• **YOUR ASSIGNMENT**:
Could the lines from the top of the material to the line that contains "把蛋挞水倒入蛋挞皮中,8分满即可。烤箱预热, 上下管200度,预热15分钟" be retyped exactly, both included and pictures omitted?

• **DATA EXTRACT**:
##############################

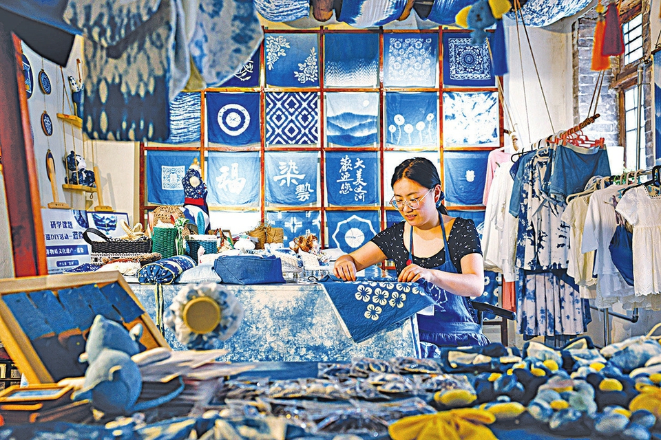 近日,晋城市陵川县丈河村26岁的返乡青年秦珂正在整理纯天然植物蓝染产品。近年来,河南、河北、山东、北京等地的游客猛增,秦珂开办的非遗蓝染产品走俏,供不应求,月纯收入7万多元,成为村里返乡创业致富带头人。
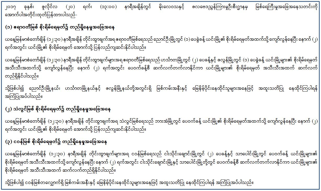 ၂၀၁၇ ခုနှစ်၊ ဇူလိုင်လ (၂၀) ရက်၊ (၁၃:၀၀) နာရီအချိန်တွင် မိုးလေဝသနှင့် ဇလဗေဒညွှန်ကြားမှုဦးစီးဌာနမှ မြစ်ရေကြီးမှုအခြေအနေသတင်းကို အောက်ပါအတိုင်းထုတ်ပြန်ထားပါသည်-
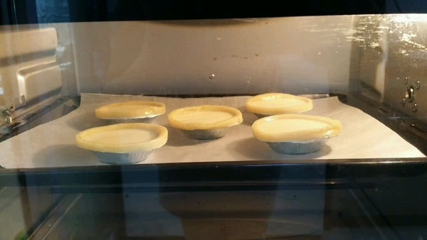 把蛋挞水倒入蛋挞皮中,8分满即可。烤箱预热, 上下管200度,预热15分钟
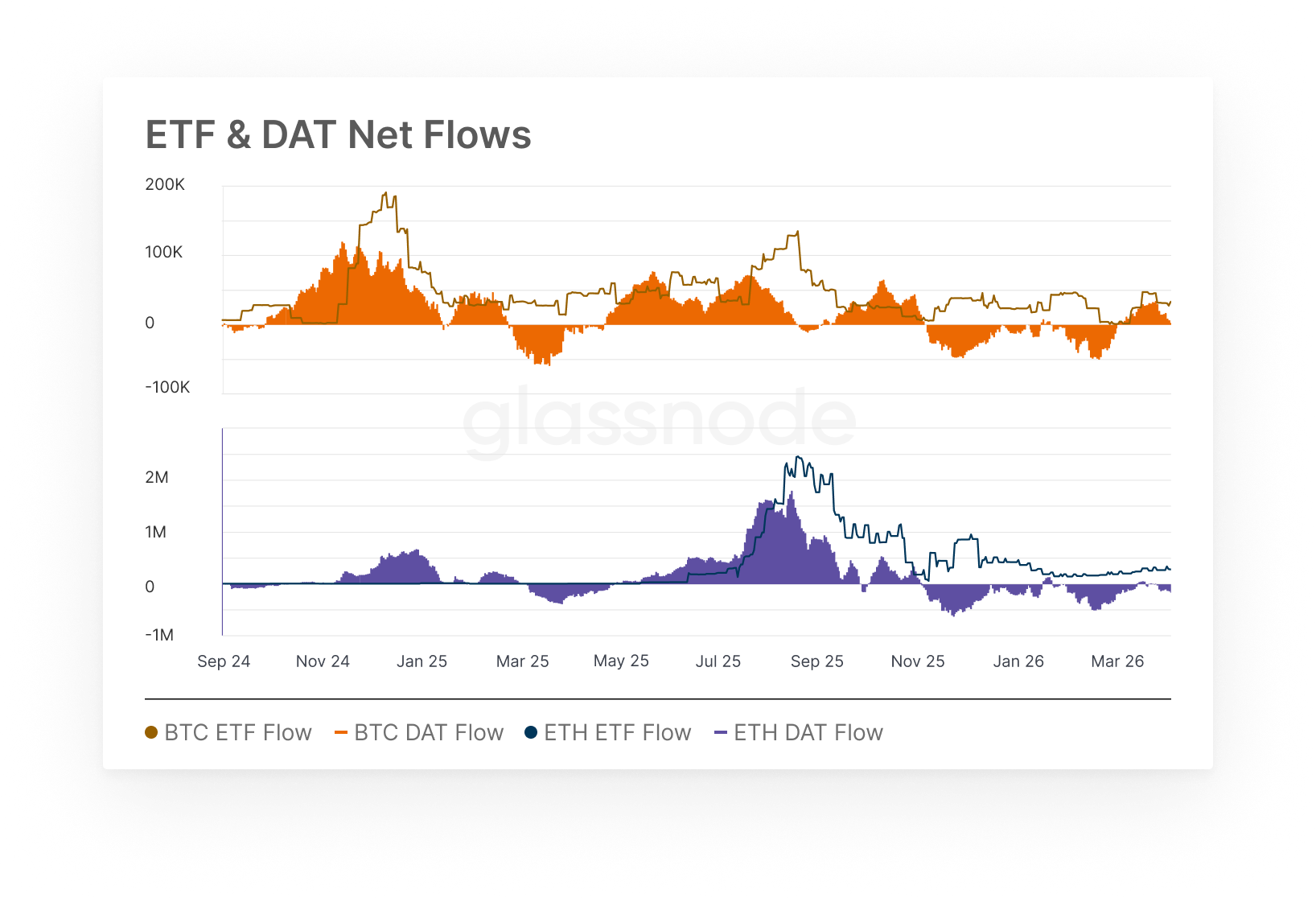 Bitcoin ETF and DAT flows finally turned positive through March, reaching intra-month highs of +30.6k BTC and +46.8k BTC respectively mid-month before settling back to +17.6k BTC and +30.9k BTC by month-end. Ethereum flows mirrored the directional shift with less intensity, as ETF flows reached +46.6k ETH and DAT flows peaked at +295.9k ETH before easing to +261.9k ETH at close. The mid-month surge followed by minor pullback, suggests demand remains sensitive to wider market conditions, rather than a true sustained structural shift in institutional positioning.
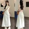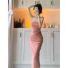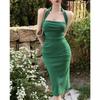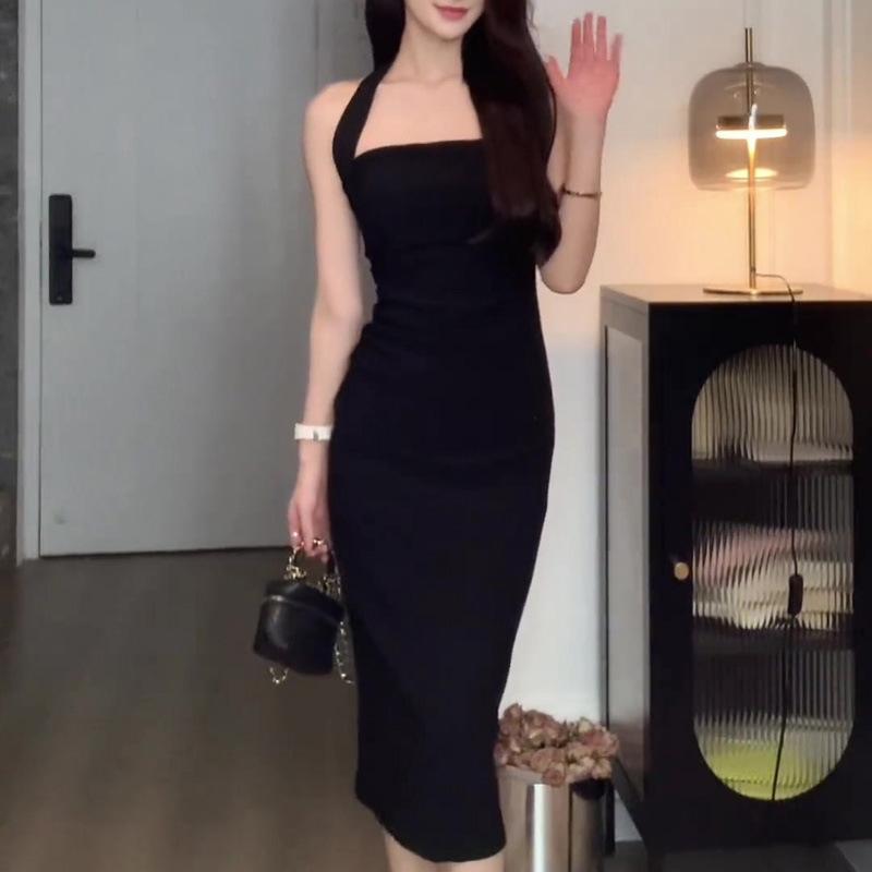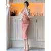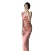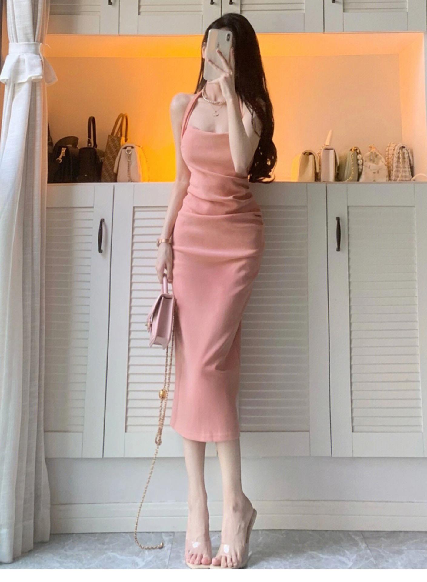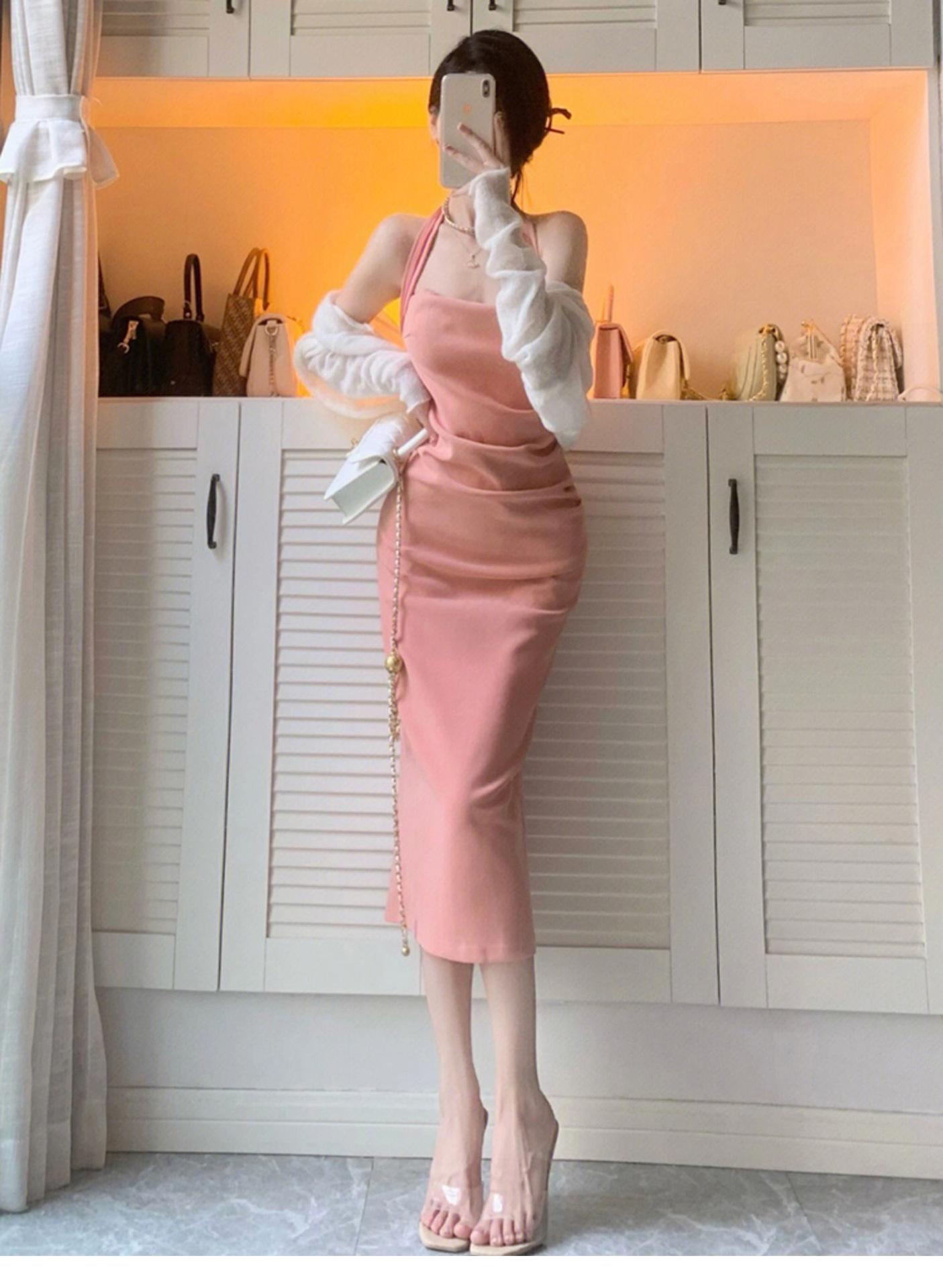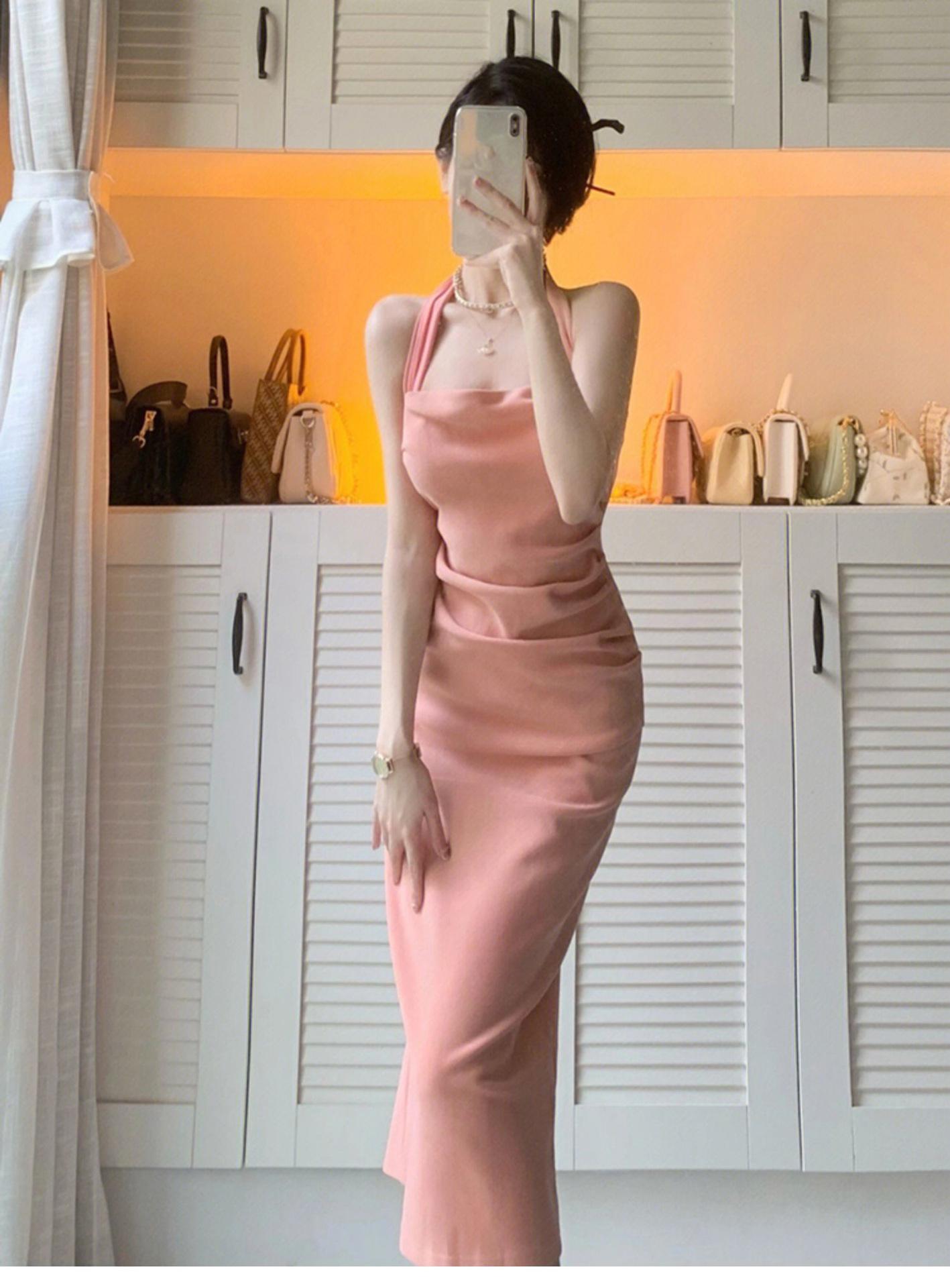 Deseo Puro Rosa Halter Cuello Vestido de Tirantes Verano para Mujer Textura de Alta Calidad Francés Cubre Cintura Cadera Falda Midi Temperamento

##############################

• **EXPECTED ANSWER**:
 近日,晋城市陵川县丈河村26岁的返乡青年秦珂正在整理纯天然植物蓝染产品。近年来,河南、河北、山东、北京等地的游客猛增,秦珂开办的非遗蓝染产品走俏,供不应求,月纯收入7万多元,成为村里返乡创业致富带头人。
 ၂၀၁၇ ခုနှစ်၊ ဇူလိုင်လ (၂၀) ရက်၊ (၁၃:၀၀) နာရီအချိန်တွင် မိုးလေဝသနှင့် ဇလဗေဒညွှန်ကြားမှုဦးစီးဌာနမှ မြစ်ရေကြီးမှုအခြေအနေသတင်းကို အောက်ပါအတိုင်းထုတ်ပြန်ထားပါသည်-
 把蛋挞水倒入蛋挞皮中,8分满即可。烤箱预热, 上下管200度,预热15分钟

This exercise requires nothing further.